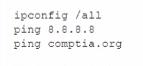 A user is unable to access the internet on a PC. A technician examines the PC and runs the following commands:
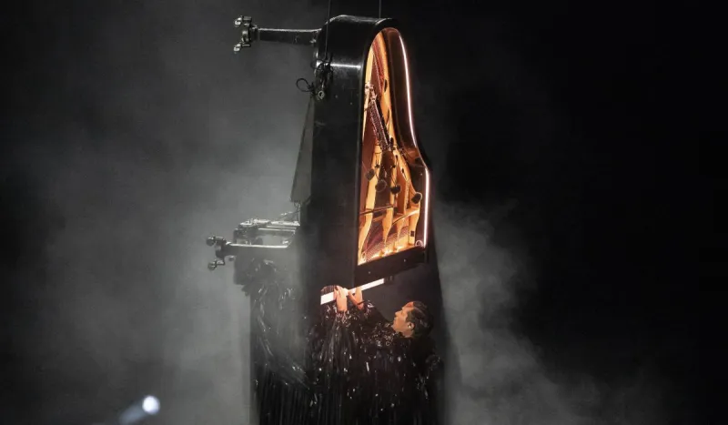 Suspendu à la verticale dans le ciel du Stade de France, le pianiste Alain Roche a interprété l’hymne d’Appolon, en compagnie du chanteur lyrique Benjamin Bernheim.
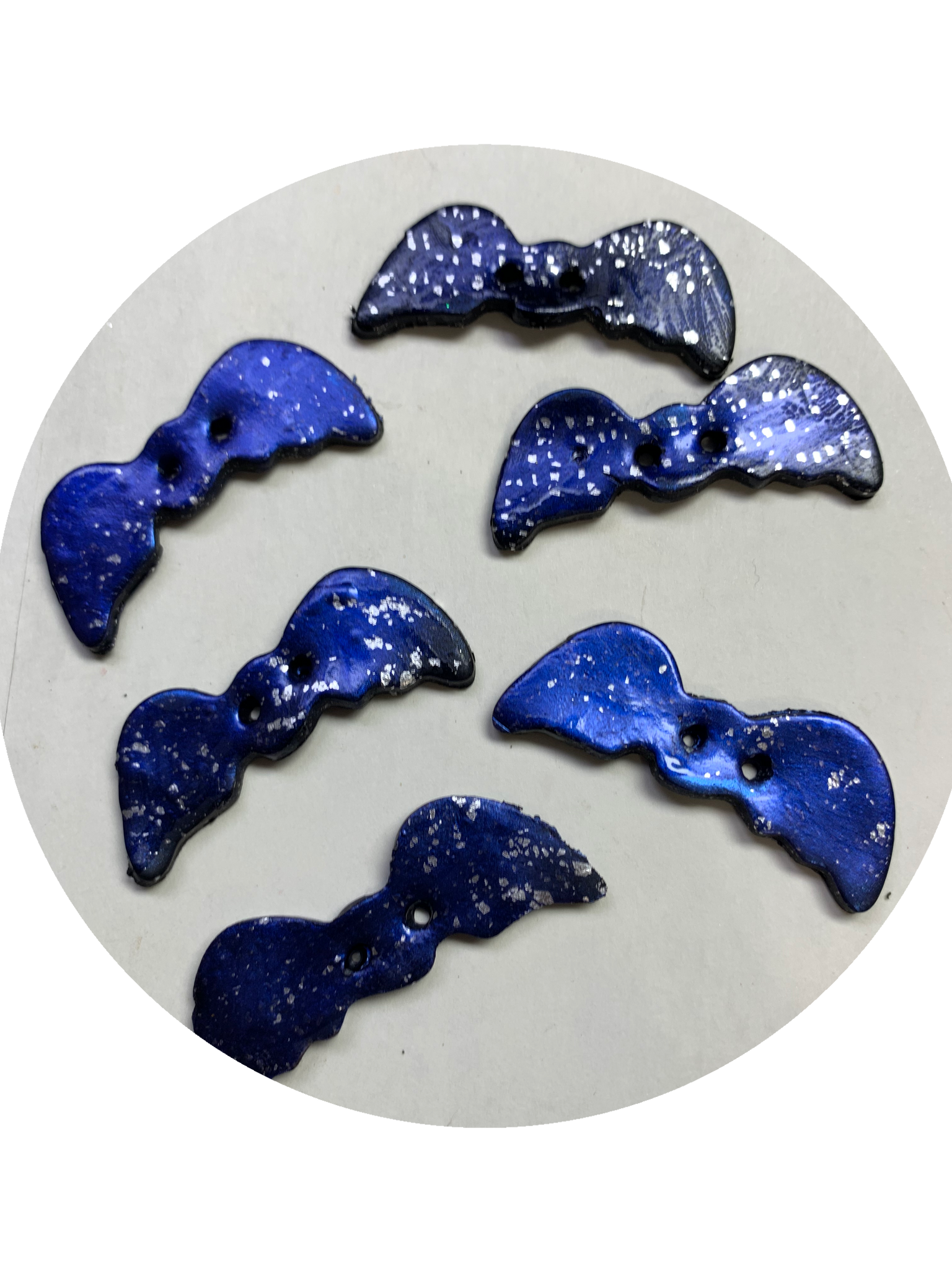 These Midnight Bats are made of polymer clay with silver leaf .Thet measure 13/4”by 1/2” tall.
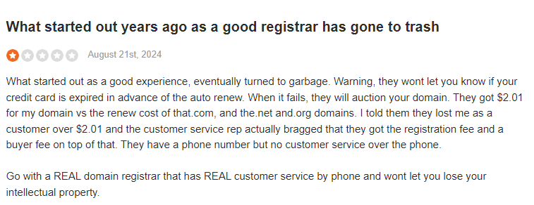 Customers complain that they never received any renewal notices or heads up that their domains were expiring, their domains were placed on auction, and sold off even before the Grace Period expired.
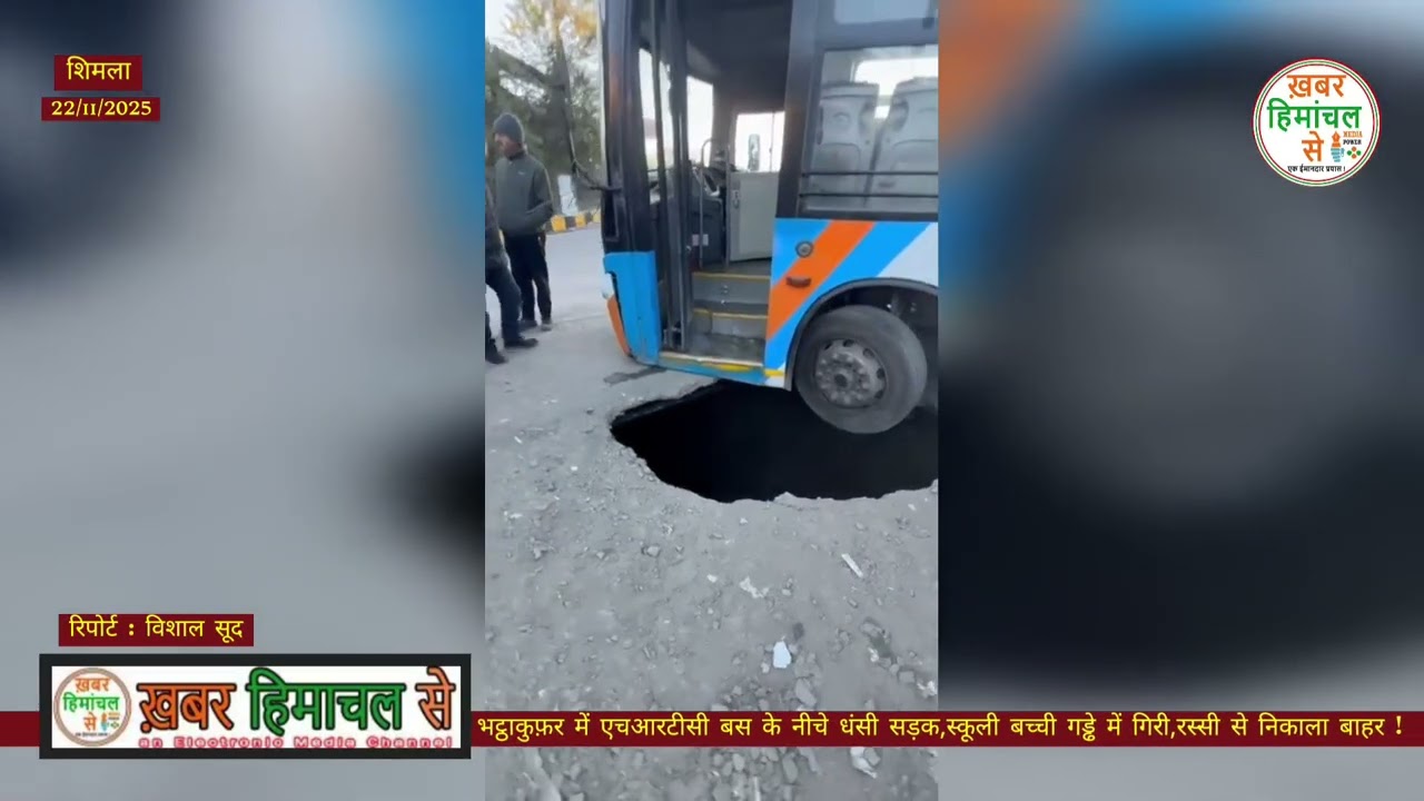 • शिमला  ! भट्ठाकुफ़र एचआरटीसी बस के नीचे धंसी सड़क, स्कूली बच्ची गड्ढे में गिरी, रस्सी से निकाला गया !
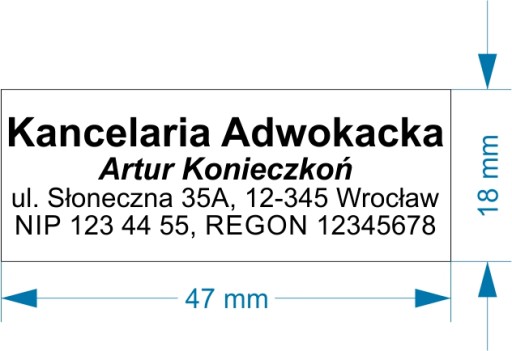UWAGA! Treść pieczątek jest kopiowana z wiadomości do sprzedającego. Prosimy w związku z tym o dokładne sprawdzenie poprawności wysłanej treści. Po zrealizowaniu zamówienia, bądź wcześniejszej akceptacji projektu nie ponosimy odpowiedzialności za błędy w przesłanej treści.
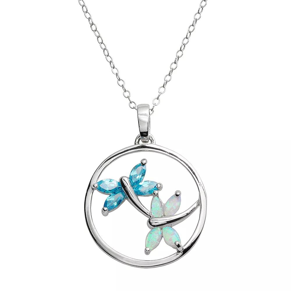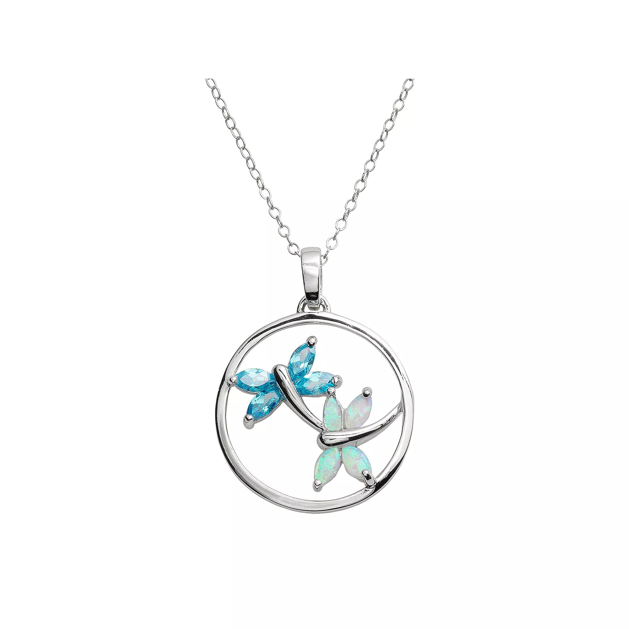 Marquise-cut blue cubic zirconia and lab-created opal stones offer stunning sparkle. Dragonfly design provides feminine appeal. Details: 1-in. pendant 18-in. chain Spring-ring clasp Platinum over sterling silver Size: One Size. Gender: female. Age Group: adult.
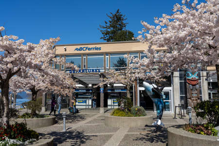 West Vancouver, BC, Canada - April 13 2021 : BC Ferries Horseshoe Bay Ferry Terminal. Cherry blossoms full bloom in springtime.
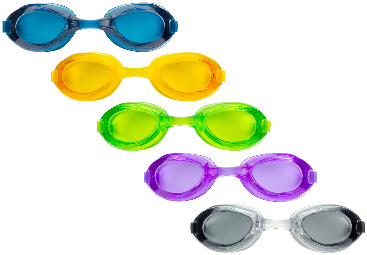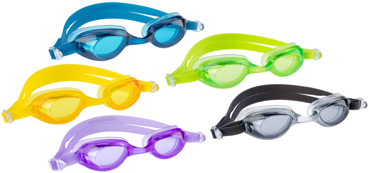 Klassiske svømmebriller "googles" gjort i silikon og polycarbonate i 5 spenstige farger til junior. UV-beskyttende.
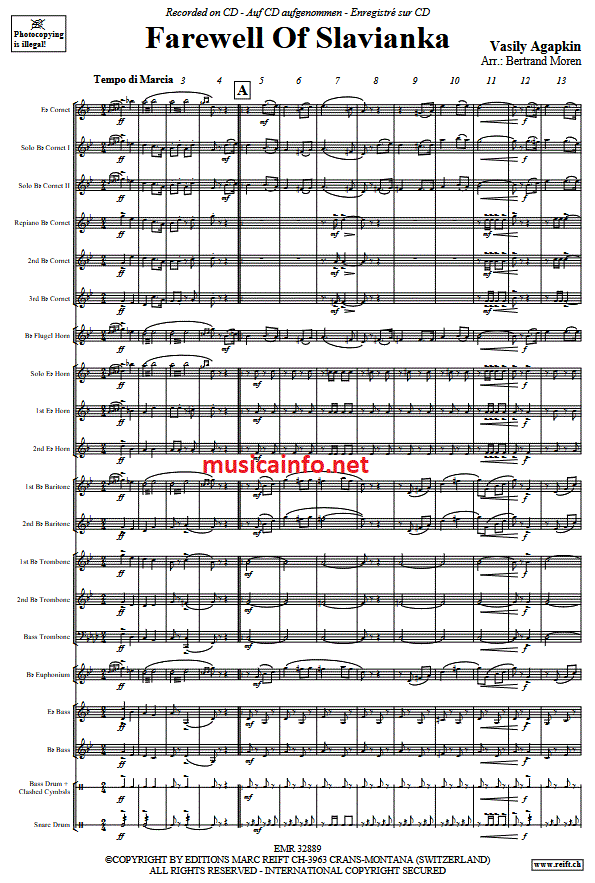 Additional info/contents The combination of Agapkin's timeless melody and Moren's imaginative arrangement makes "Farewell of Slavianka" an outstanding work for intermediate wind orchestras and brass bands. The composition remains a living testament to the power of music to connect historical and emotional dimensions, offering a moving experience for musicians and listeners alike.
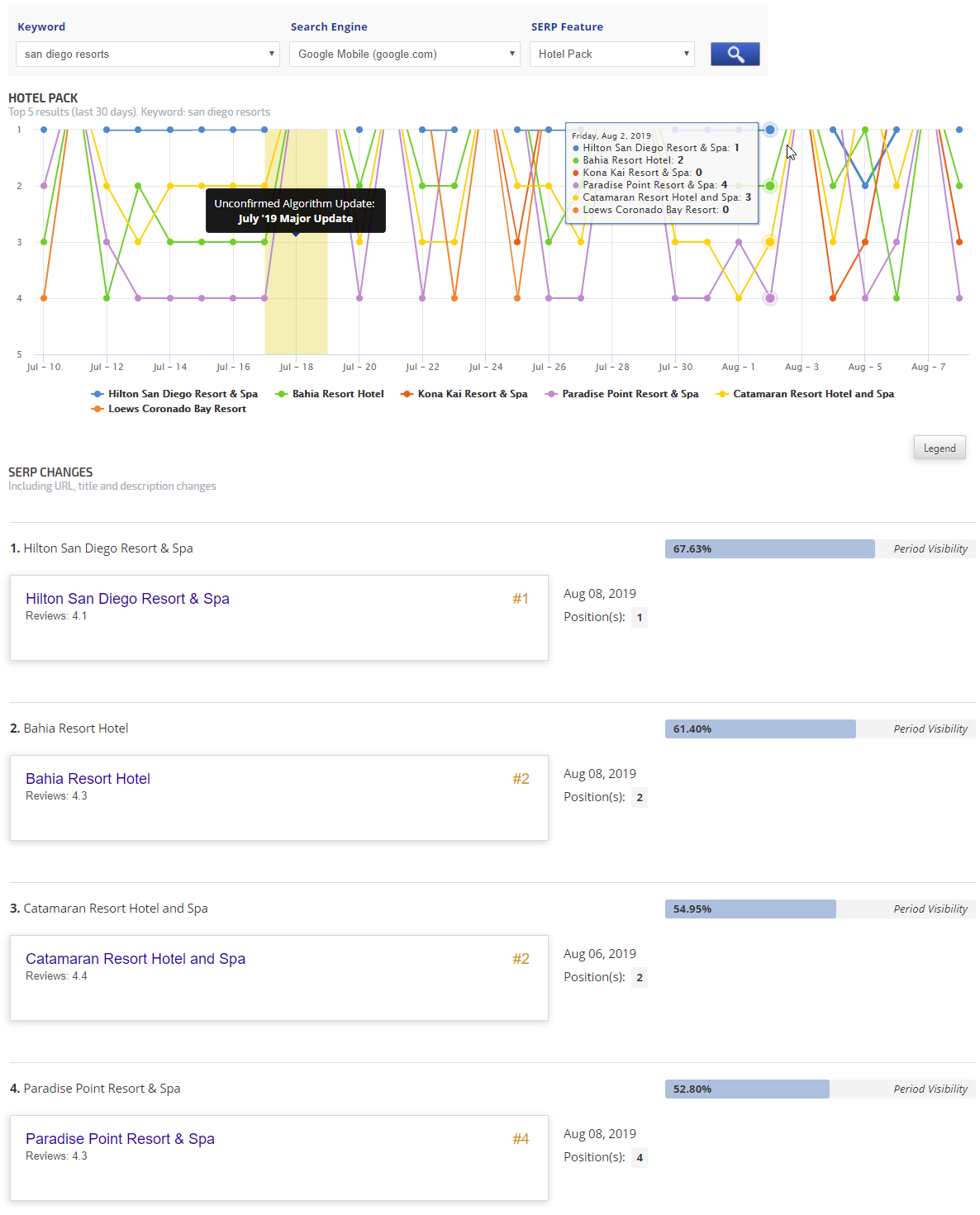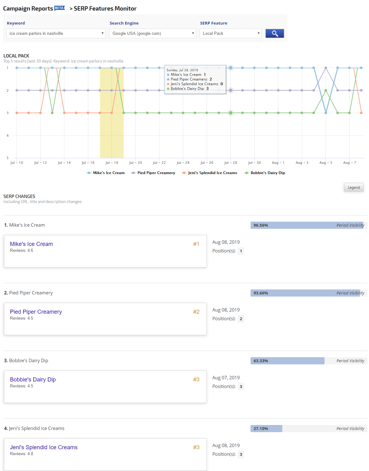 SERP Features Monitor can help you determine which sites are consistently in the Local Pack and how often Google is switching between the domains it ranks for those coveted spots.
------------------------------------------------------------------------
Pictures are to be dropped, and every record is to be copied exactly.

**Task output:**
 A user is unable to access the internet on a PC. A technician examines the PC and runs the following commands:
 Suspendu à la verticale dans le ciel du Stade de France, le pianiste Alain Roche a interprété l’hymne d’Appolon, en compagnie du chanteur lyrique Benjamin Bernheim.
 These Midnight Bats are made of polymer clay with silver leaf .Thet measure 13/4”by 1/2” tall.
 Customers complain that they never received any renewal notices or heads up that their domains were expiring, their domains were placed on auction, and sold off even before the Grace Period expired.
 • शिमला  ! भट्ठाकुफ़र एचआरटीसी बस के नीचे धंसी सड़क, स्कूली बच्ची गड्ढे में गिरी, रस्सी से निकाला गया !
UWAGA! Treść pieczątek jest kopiowana z wiadomości do sprzedającego. Prosimy w związku z tym o dokładne sprawdzenie poprawności wysłanej treści. Po zrealizowaniu zamówienia, bądź wcześniejszej akceptacji projektu nie ponosimy odpowiedzialności za błędy w przesłanej treści.
 Marquise-cut blue cubic zirconia and lab-created opal stones offer stunning sparkle. Dragonfly design provides feminine appeal. Details: 1-in. pendant 18-in. chain Spring-ring clasp Platinum over sterling silver Size: One Size. Gender: female. Age Group: adult.
 West Vancouver, BC, Canada - April 13 2021 : BC Ferries Horseshoe Bay Ferry Terminal. Cherry blossoms full bloom in springtime.
 Klassiske svømmebriller "googles" gjort i silikon og polycarbonate i 5 spenstige farger til junior. UV-beskyttende.
 Additional info/contents The combination of Agapkin's timeless melody and Moren's imaginative arrangement makes "Farewell of Slavianka" an outstanding work for intermediate wind orchestras and brass bands. The composition remains a living testament to the power of music to connect historical and emotional dimensions, offering a moving experience for musicians and listeners alike.
 SERP Features Monitor can help you determine which sites are consistently in the Local Pack and how often Google is switching between the domains it ranks for those coveted spots.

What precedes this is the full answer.